La seconde moitié des années 1950 marque un tournant : la règle des 2 gallons est abrogée en 1955 ; en 1957, une commission parlementaire bipartisane propose de ne plus refuser systématiquement l’octroi d’une licence de détaillant à une vinerie ; en 1959, les restaurants sont autorisés à proposer du vin à leurs clients. L’année 1958 est en outre marquée des restrictions à l’import et une hausse des taxes sur les bières et les spiritueux (Workman, 1993). L’effet est immédiat : entre 1957 et 1964, le nombre de wine shops sur l’archipel passe de 136 à 250, la plupart adossés à une vinerie (Scott, 1964). La consommation par tête double également, atteignant 3,08 litres par habitant en 1965. L’ouverture de nouveaux circuits de commercialisation, combinée à un changement des modes de consommation offre des perspectives de croissance ; pourtant, les ressources sur lesquelles reconstruire une industrie sont minces. En 1960, il ne subsiste que 500 ha de vignes dans le pays ; en outre, la reconstruction du vignoble commercial s’est faite pour l'essentiel sur la base d’hybrides peu qualitatifs (albany surprise, baco 22A, seibel 5433, 5455, etc.), et de cépages productifs comme le chasselas et le palomino. Les vins produits sont généralement des vins fortifiés dans le style de la péninsule ibérique, des port et des sherry. En 1962, ils représentent 88 % de la production nationale. Une enquête de 1960 n’enregistre que 3 hectares de chardonnay et 6 de cabernet sauvignon (Moran, 2000).

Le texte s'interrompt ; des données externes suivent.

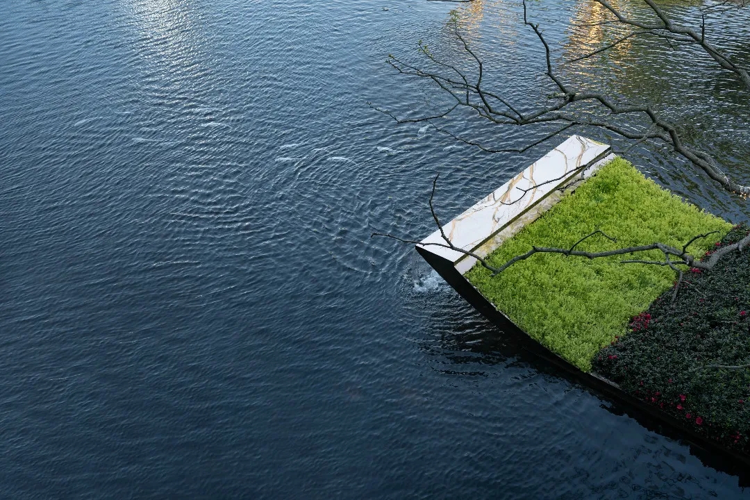 魚(yú)形雕塑浮在水面,魚(yú)尾仿佛隨著清風(fēng)擺動(dòng),粼粼波光之間,于喧囂生活中看見(jiàn)一抹悠然。
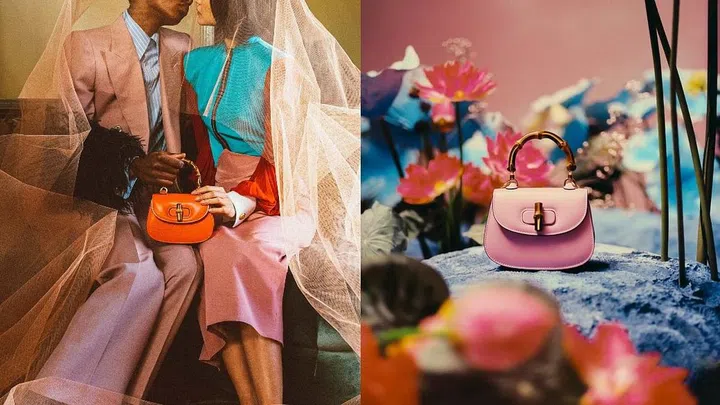 Gucci竹节包在《Aria-时尚咏叹调》中强势回归,这款标志性的手袋在不同时代的演变之下,成为品牌标志性象征。延续竹节手柄和圆润马鞍包设计,发布了迷你尺寸和一系列糖果配色,运用现代手法焕新演绎经典元素,漂亮呈现Gucci Bamboo 1947系列,营造梦幻气息。

L'industrie se compose d'une part de très petites entreprises artisanales à main d’œuvre

familiale d'origine majoritairement dalmatienne (BABITCH, MAZURAN, KUMEU RIVER, etc.),

installées dans la banlieue ouest d’Auckland, d'autre part d’entreprises moyennes avec du personnel salarié, d’origine souvent anglo-saxonne, installées à Hawkes Bay. Par ailleurs,

trois firmes à capitaux australiens (MCWILLIAMS, COOKS et PENFOLDS) sont entrées dans

l'industrie entre 1946 et 1969 et sont rapidement devenues les leaders en termes de parts de marché. Ces entreprises, petites et moyennes, sont verticalement intégrées dans la production de raisins ; ainsi, en 1960, les récoltants ne comptent que pour 4 % des approvisionnements des compagnies (Workman, 1993).